Initialize the Pdftools SDK license
Open the input document
Choose the extraction format
Configure text extraction options
Run the extractor
Full example

1. Initialize the Pdftools SDK license

Before you begin, Initialize the Pdftools SDK license.

2. Open the input document

Load the input PDF from the file system into a read-only Document. Pass this Document to the Extractor in a later step.

.NET
Java
Python
C

// Open input document
using var inStr = File.OpenRead(inPath);
using var inDoc = Document.Open(inStr);

// Open input document
FileStream inStr = new FileStream(inPath, FileStream.Mode.READ_ONLY);
Document inDoc = Document.open(inStr);

# Open input document
in_stream = io.FileIO(input_path, 'rb')
in_doc = Document.open(in_stream)

// Open input document
pInStream = _tfopen(szInPath, _T("rb"));
TPdfToolsSys_StreamDescriptor inDesc;
PdfToolsSysCreateFILEStreamDescriptor(&inDesc, pInStream, 0);
pInDoc = PdfToolsPdf_Document_Open(&inDesc, _T(""));

3. Choose the extraction format

Pdftools SDK supports two extraction formats, defined by the TextExtractionFormat enumeration. The format you choose drives whether the rest of the options apply.
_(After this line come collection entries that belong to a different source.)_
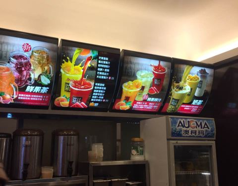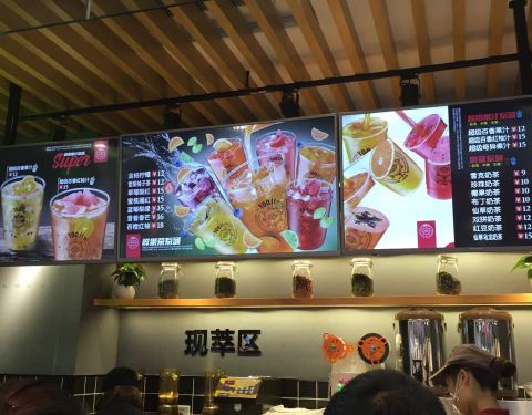 一家门面不大,装饰新潮、连锁经营的知名果汁饮品店,位于成都春熙路商圈内,这里为顾客提供数十款精美饮品
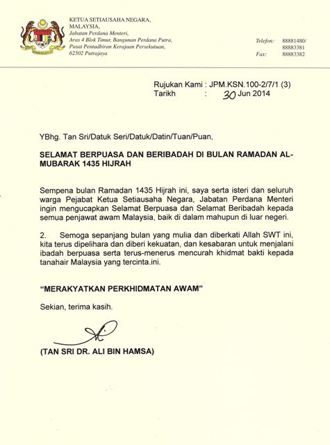 Tan Sri Mohd Zuki Ali Ketua Setiausaha Negara Posts Facebook
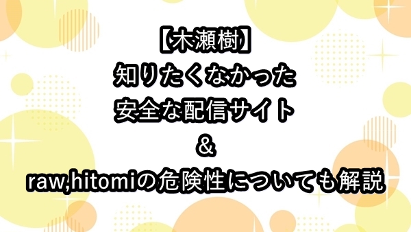 無料で知りたくなかった【木瀬樹】を読むのはダメ!安全な配信サイト&raw,hitomiの危険性についても解説
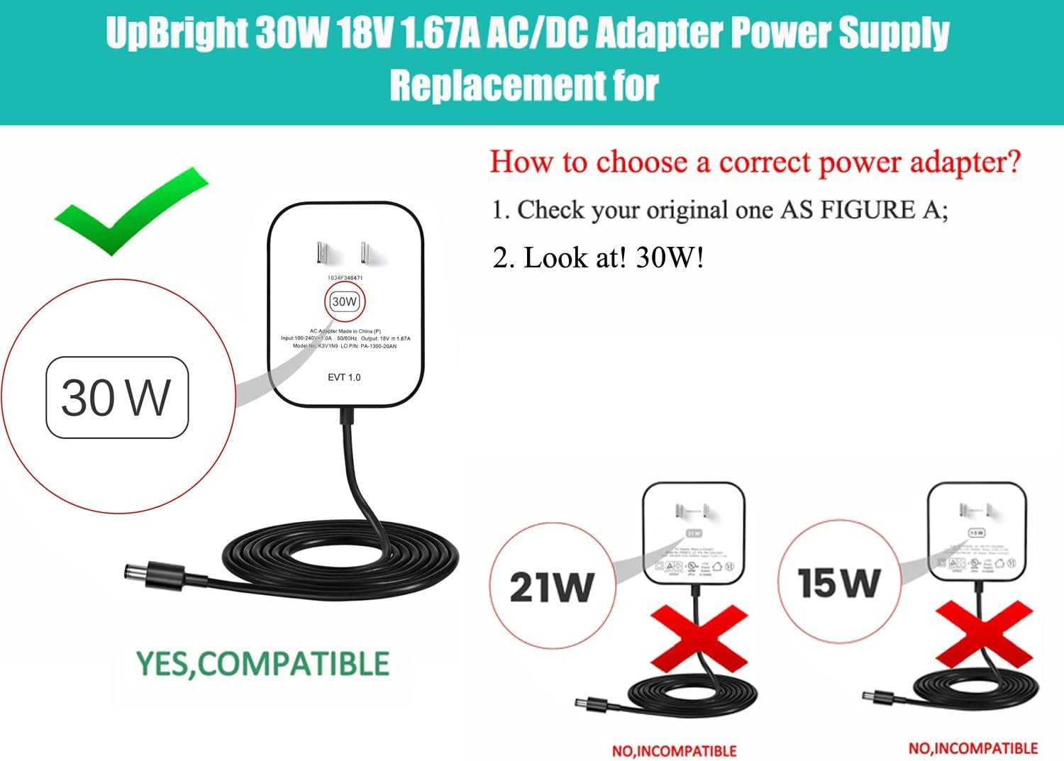 UpBright New Global 18V AC / DC Adapter Compatible with Amazon Echo (3rd Gen), Echo Plus (2nd Gen), Echo Show (2nd gen) 18VDC 1.67A 30 W DC18V 1670mA 30W 18.0V 1.67 A 18 V 18 VDC Switching Power Supply Cord Cable PS Battery Charger Mains PSU

DocumentOrder (default): The extractor outputs text in the order it’s embedded in the content stream of the PDF. Use this format to feed extracted text into a search index, a large language model, or any downstream system that cares about reading order, not visual position.
Monospace: The extracted text mimics the visual layout of each page by padding it with whitespaces, so that the output renders correctly with a monospaced font. Use this format to preserve the appearance of tables, forms, or columnar layouts in plain text.

In Monospace mode, the SDK approximates the position of each glyph on the page by mapping PDF units to character columns and lines. The advanceWidth and lineHeight options described in the next step control that mapping and apply only to Monospace. DocumentOrder ignores them. The wordSeparationFactor option applies to both formats.

4. Configure text extraction options

Create a TextOptions object and configure it. All four properties have defaults, so you only need to set the ones you want to change. Some options apply only to the Monospace format mentioned in the previous section.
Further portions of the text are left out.